There's a plate of waffles on the counter, topped with way too much whipped cream to be sane. Definitely mine. I pull out the drawer behind me, grab some cutlery, and snatch the plate off the counter. "Well, see you, man." It feels harsh. Bitter. I feel a little proud, and I feel a little sick.
Julien nods down at his own breakfast. "Yeah, see you."
Christmas Eve in the McIntyre house is usually dull. My mom spends the whole day baking; my dad wastes time "perfecting" the fire in the fireplace; and I ignore them both.
It's not even because I'm antisocial or because I don't want to "help out". The way I figure it, I'll be spending every single waking second with these people tomorrow. Might as well start off with a fresh slate.
Carly Rae Jepsen is my guilty pleasure music. Like, for real. I lay on my bed, already having exhausted the options of room cleaning and reading. YouTube is boring. Memes are boring. Everything is just . . . boring. So, I lay flat on my back, dramatically staring up at the ceiling as if there's something past it, something more than just sky, and listen about wanting to cut to that feeling (which totally sounds wrong out of context).
There are a few familiar raps on my door. Mom raps, Dad knocks. Some things never change.
Though, then again, some do.
"Yeah, Mom?" I ask, not even bothering to sit up.
"Finnie," she says through the door in her I Am Being A Stern Parent voice, "come entertain your guest."
I roll over onto my side and try not to groan. Seriously? I have to spend my Christmas Eve entertaining Julien now?
"Bring out the gimp," I say, just loud enough for her to hear.
As the door opens, I hear her fussy mutterings (most of what my mom says could be categorised as "fussy mutterings"). "Go on in, Julien. Also, if he's being stupid"—wow, do I feel eight years old again—"sit on him. Just like when you boys would wrestle! Oh, you remember that?"
"Very much so, Mrs. McIntyre," Julien says, laughing a little in his Julien Way, then steps through the door. Barefoot, hesitant. "Hi." His green eyes — they were always abnormally light, somewhat frosty, for green eyes — are scanning the room, greeting everything that isn't me.
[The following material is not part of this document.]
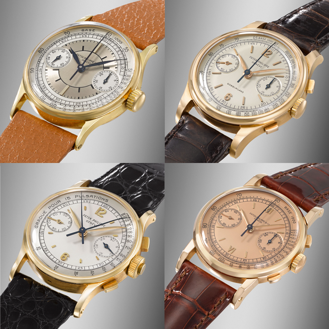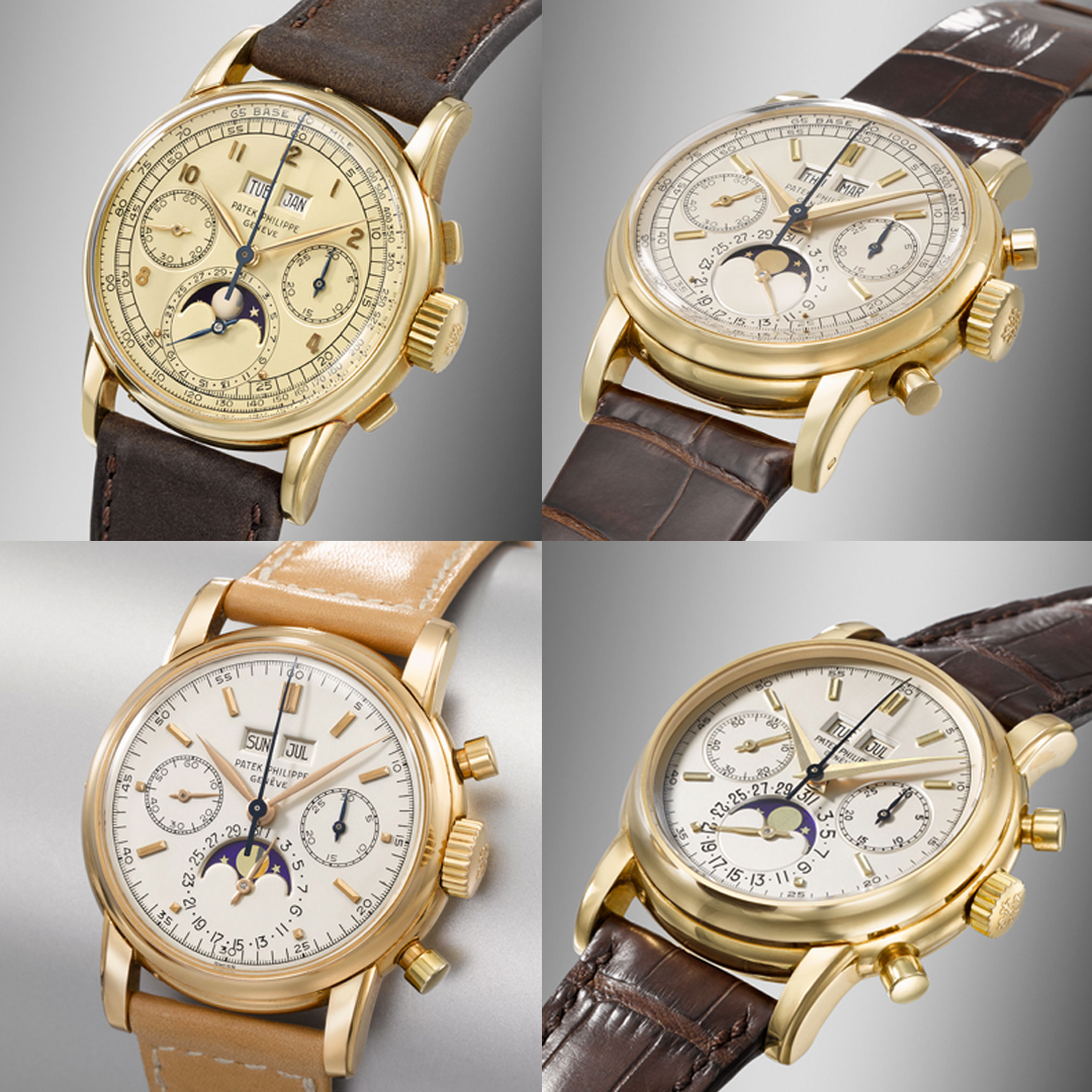 比如一整套四款型号2499计时万年历,一枚蓝色珐琅表盘的型号2523

Swivel chair, unmade bed, sweatshirt he left here. I'm sure my face is bright red.
"Door stays open!" Mom cheers, somehow maintaining a little sense, then scampers down the hallway to go do her Mom Things of the Eve.
Julien looks so uncertain, a mirror image of him when he left for college in August, minus the new shortness of his hair. "So, this room hasn't changed much, huh?"
"Nope," I say, because it honestly hasn't. I can imagine Julien's college dorm now — a little frumpy, a lot of boy; too much beige and off-white to not look a little dirty when it's any time but morning; some cute college guy — probably bi or queer too, maybe even a foriegn exchange student from some exotic country — in the loft bed four feet away.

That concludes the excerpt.